SCREENED AT MONSTER FEST 2016: There’s no universal answer to how much attention should be paid to the living compared to the dead when crafting a ghost story, especially when you consider that a good one will do a great job in misdirecting the audience. "Dearest Sister", for instance, puts the supernatural so near its center that it can easily look more important than it is, drawing conscious attention away from the more conventional material that it metaphorically extends. That’s kind of its job, and it does so successfully enough that it not making a lot of sense as a plot device can be quite forgivable.

Taking place in Laos, it inverts some of the traditional ways Westerners go about ghost stories. Nok (Amphiaiphun Phommapunya), for instance, heads into the city for her job working as a personal companion rather than to an isolated mansion. She’ll be helping her cousin Ana (Vilouna Phetmany) out where she can, as Ana is losing her sight and her Estonian husband Jakob (Tambet Tuisk) is frequently away on business. Nok is viewed with suspicion in both her new and old homes, with her immediate family thinking she’ll spend her time looking for a white fiance while Ana treats her country cousin as something between family and a servant, which makes the married couple who serve as maid (Manivanh Boulom) and gardener (Yannawoutthi Chanthalungsy) even more hostile. It’s not exactly unwarranted, either; when Ana goes into trances and seems to see things from outside the normal world, Nok doesn’t shrink from exploiting those visions.

Nok arrives at Ana’s house quickly, too quickly to come across as a fish out of water, and that seems purposeful: The impression that forms with the audience is somebody between statuses; though she is actually in a pretty good position, she sees herself as potentially downgraded to a servant, and therefore needing to grab hold of the next level up to the extent that she can. Director Mattie Do and writer Christopher Larsen set the situation up in a way that seems so natural that it’s easy to sympathize with Nok even when she’s acting selfishly at first, with Amphaiphun Phommapunya always making sure that the audience sees how much of her can be explained as being young and in a new environment; her initial steps down a bad path come across as her being in over her head, keeping the audience with her enough to be invested in which way she’ll eventually lean.

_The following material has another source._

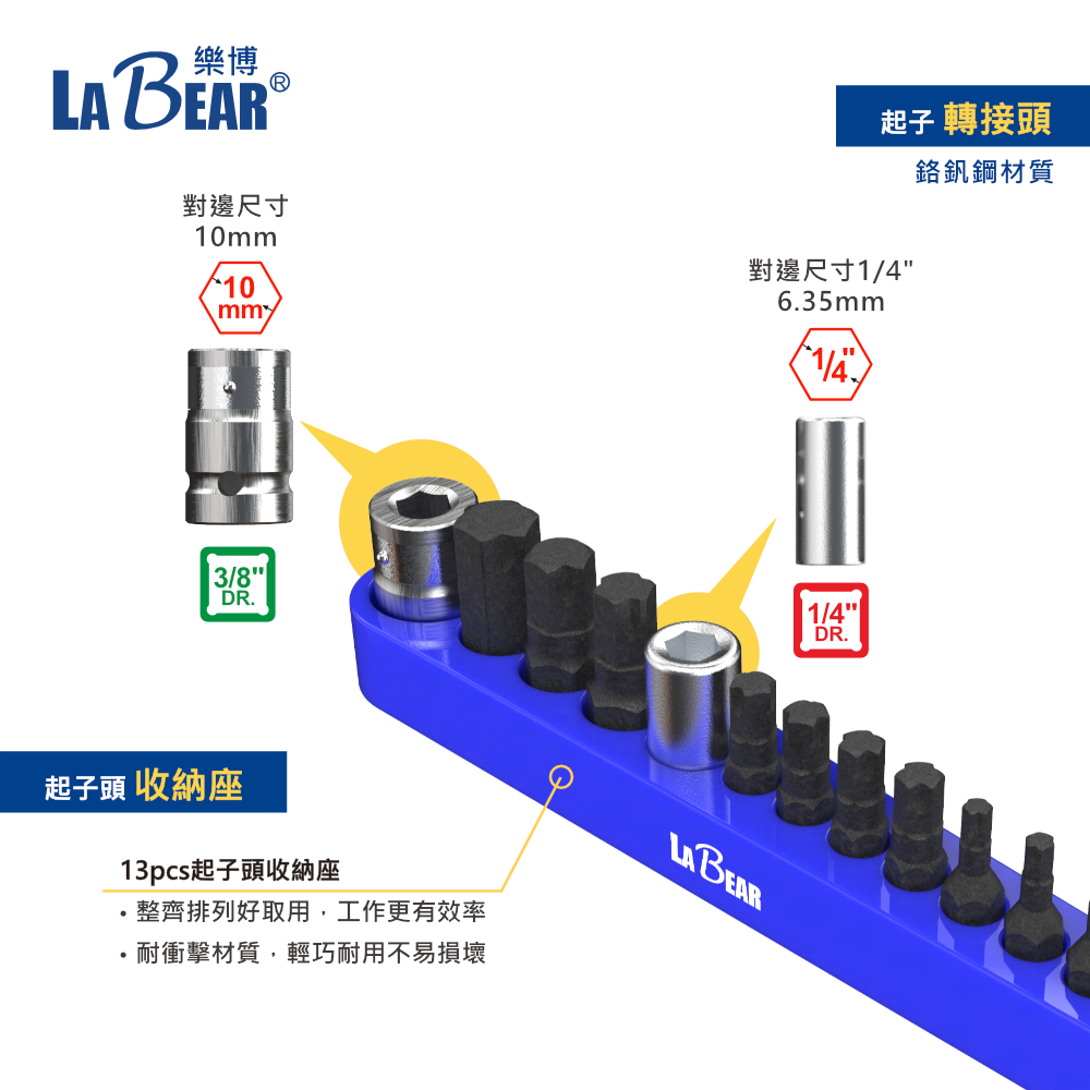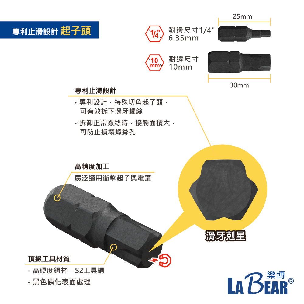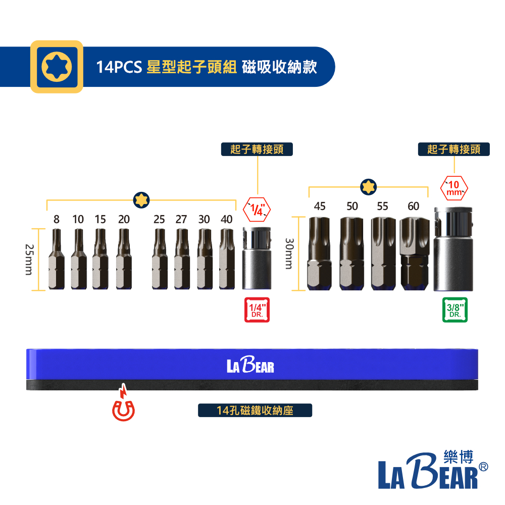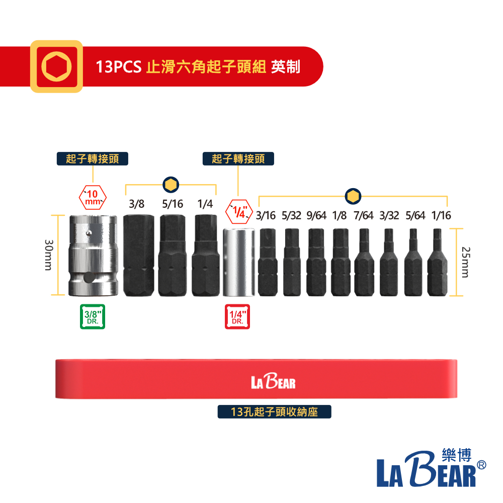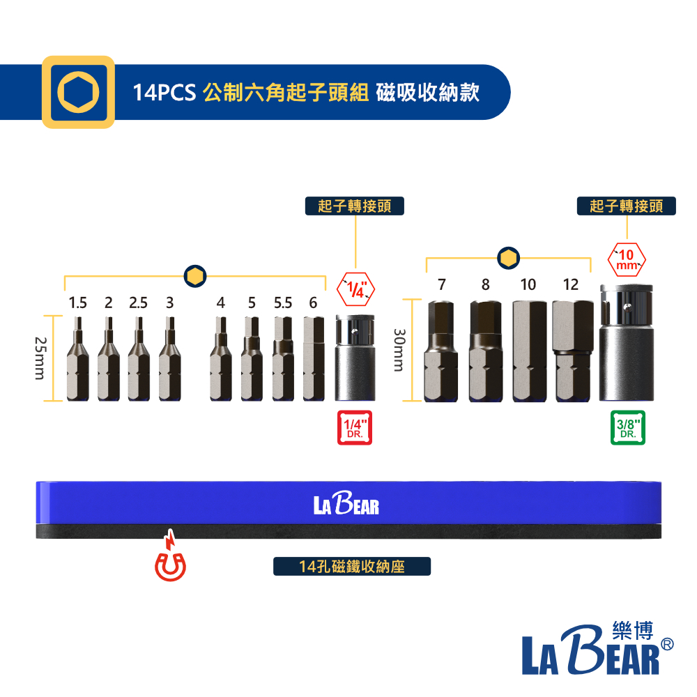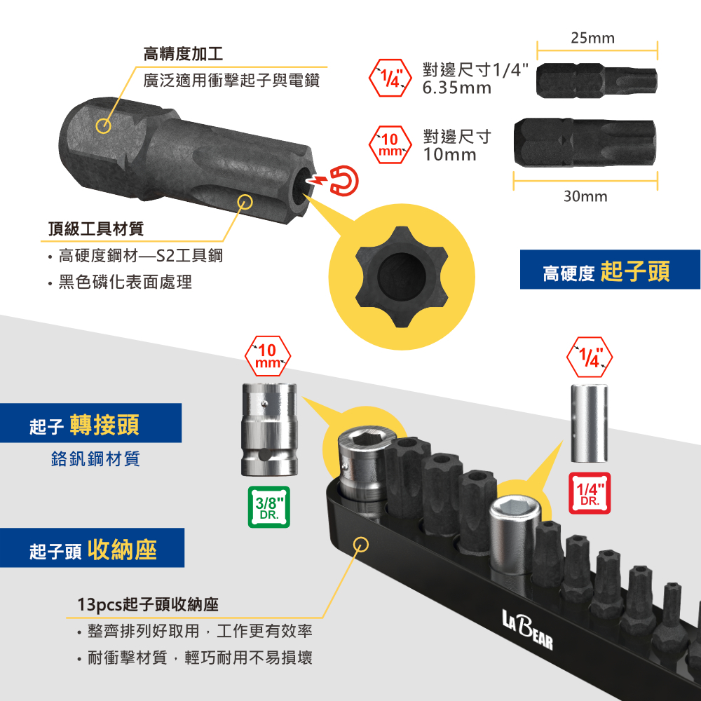 【LaBear】專利設計 止滑六角 起子頭組 1/4″ 10mm 公制/英制 滑牙剋星 星型 磁鐵收納座 起子轉接頭14pcs 星型(磁性收納座)|14pcs 公制六角(磁性收納座.無止滑|13pcs 公制六角(止滑BIT組)|13pcs 英制六角(止滑BIT組)|13pcs 星型帶孔起子頭組ToolsLaBear 樂博工具

The filmmakers place her in the middle of a situation that is intriguingly fraught to start with - the servants have, as is traditional, been doing their own pilfering, Jakob’s business is on shaky ground, there’s a boy and neighbors. It’s a fully realized world that she’s dropped into, detailed and full of dueling interests enough to pique outsiders’ interest while seeming to have the ring of truth (Do opts not to present her country as a particularly exotic place as a means to appeal to foreign markets). It’s something that makes Ana interesting to watch beyond the visions she has: Vilouna Phetmany is not called upon to make her haughty or imperious, although there is certainly an element of expecting gratitude for allowing Nok this opportunity in how she plays off Phommapunya. With Ana spending most of her time unaware of her missing time, Phetmany is called upon to portray her as smart enough to be aware of just how precarious her entire lifestyle could be but cognizant enough of her limitations that she can do little more than push through. Nok, mostly, is less a potential rival than a reminder of from where she came and could wind up again, even if she is still a danger.

You almost don’t need ghosts and the like, but they prove to be a nice addition; as much as what the spirits actually do to make their presence profitable for Nok is kind of silly, it fits in well with how most petty crooks justify their actions by how they’re taking something that the other person will never miss. Nok is not the only one here trying to get money for nothing, but her actually being able to do so, initially, eases her and the audience into the moral grey area for a while, making things that much more complicated when she’s got to start making tough decisions. It also gives Do the opportunity to stage some moody, spooky scenes, relying much more on the vaguely creepy than the gross-out. She and her crew make nice use of their setting, too, creating a sharp difference between the places where the foreign and wealthy live and dine and the functional spaces where the likes of Nok go without the movie feeling like it’s been designed out of reality or made Laos look bad. They also make Ana’s home a place that is comfortable by day but can turn quite foreboding once it gets dark.

I’m not sure the hauntings necessarily work beyond being what the movie needs to push everything else along (even in terms of being haunted by the future, there’s something awfully convenient about them). It’s okay, though; they give everything else a good push, getting the movie to interesting places before the more nasty horror climax, and that’s usually the material for a fright film worth seeing.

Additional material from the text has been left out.